### Supplied data
• • • • •

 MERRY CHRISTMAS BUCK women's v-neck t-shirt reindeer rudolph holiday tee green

• • • • •

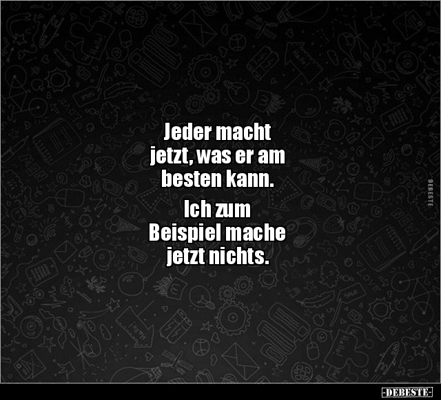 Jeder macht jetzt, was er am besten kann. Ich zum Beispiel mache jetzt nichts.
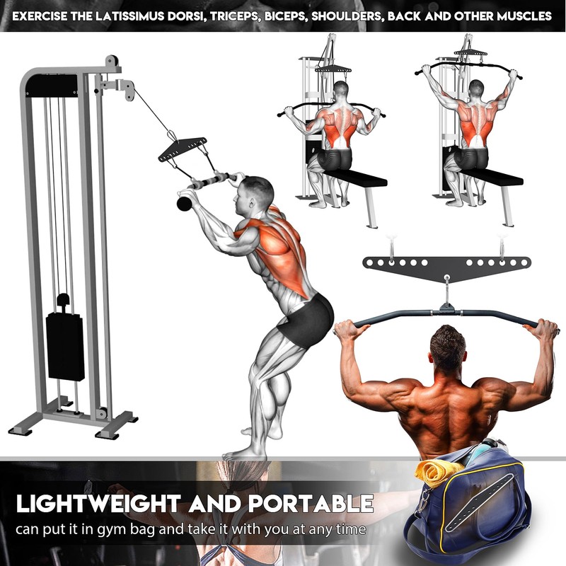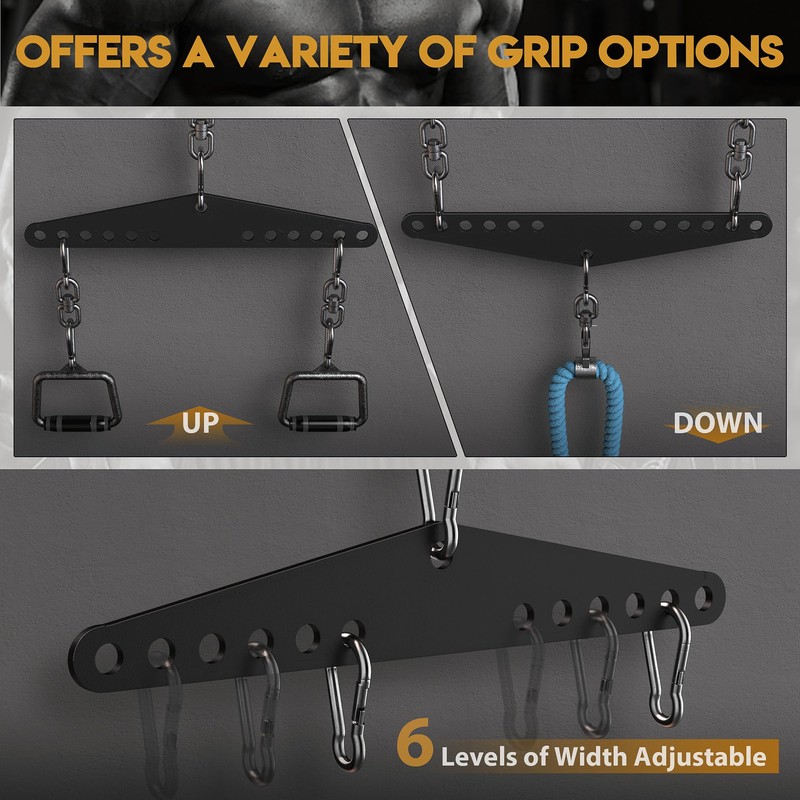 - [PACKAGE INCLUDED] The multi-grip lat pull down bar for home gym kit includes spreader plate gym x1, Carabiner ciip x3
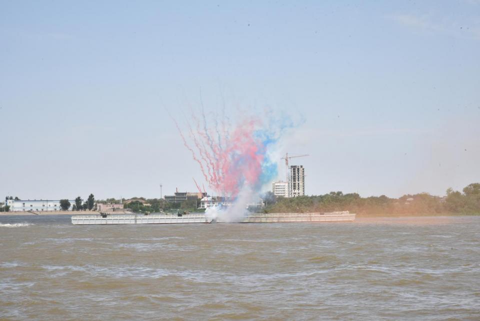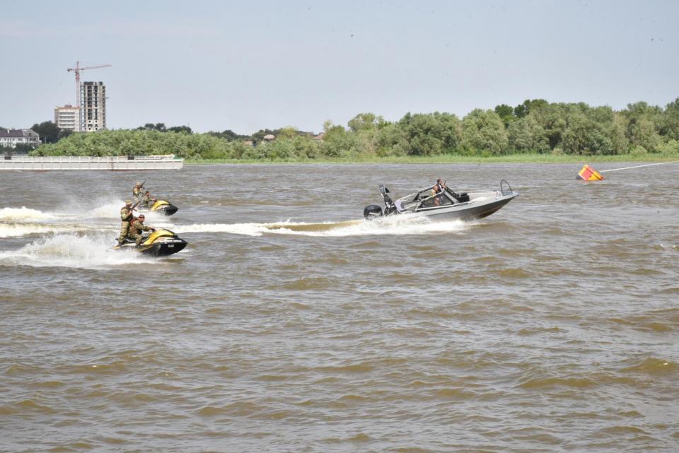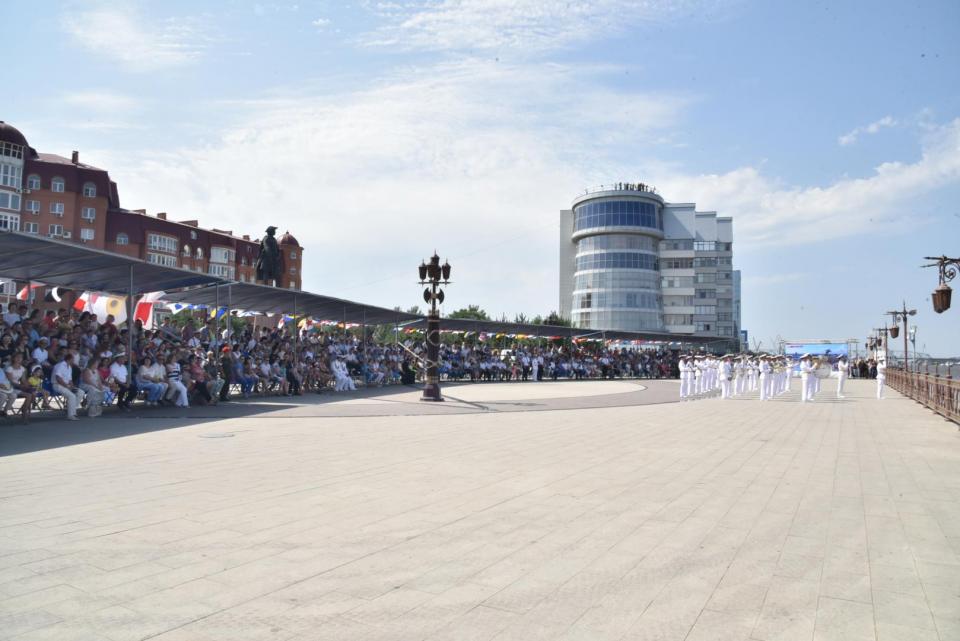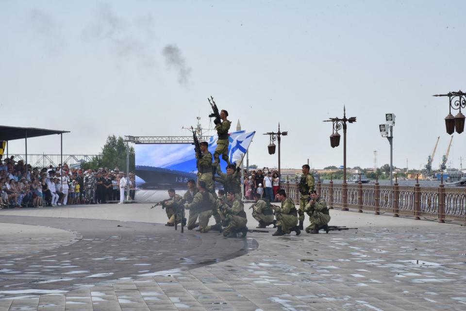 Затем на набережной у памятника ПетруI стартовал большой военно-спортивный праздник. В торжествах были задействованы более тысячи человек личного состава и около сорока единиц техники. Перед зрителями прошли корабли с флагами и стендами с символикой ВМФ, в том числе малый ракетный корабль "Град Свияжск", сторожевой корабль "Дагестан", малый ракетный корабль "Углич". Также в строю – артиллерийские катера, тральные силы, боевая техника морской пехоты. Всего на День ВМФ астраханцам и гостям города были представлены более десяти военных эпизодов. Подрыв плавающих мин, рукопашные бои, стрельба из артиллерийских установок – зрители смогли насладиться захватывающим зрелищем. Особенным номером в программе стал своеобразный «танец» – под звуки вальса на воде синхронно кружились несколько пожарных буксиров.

• • • • •

In the listing above, find the line with "Jeder macht jetzt, was" and the line with "Затем на набережной". Transcribe those two and everything between, exactly, leaving out pictures.

 Jeder macht jetzt, was er am besten kann. Ich zum Beispiel mache jetzt nichts.
 - [PACKAGE INCLUDED] The multi-grip lat pull down bar for home gym kit includes spreader plate gym x1, Carabiner ciip x3
 Затем на набережной у памятника ПетруI стартовал большой военно-спортивный праздник. В торжествах были задействованы более тысячи человек личного состава и около сорока единиц техники. Перед зрителями прошли корабли с флагами и стендами с символикой ВМФ, в том числе малый ракетный корабль "Град Свияжск", сторожевой корабль "Дагестан", малый ракетный корабль "Углич". Также в строю – артиллерийские катера, тральные силы, боевая техника морской пехоты. Всего на День ВМФ астраханцам и гостям города были представлены более десяти военных эпизодов. Подрыв плавающих мин, рукопашные бои, стрельба из артиллерийских установок – зрители смогли насладиться захватывающим зрелищем. Особенным номером в программе стал своеобразный «танец» – под звуки вальса на воде синхронно кружились несколько пожарных буксиров.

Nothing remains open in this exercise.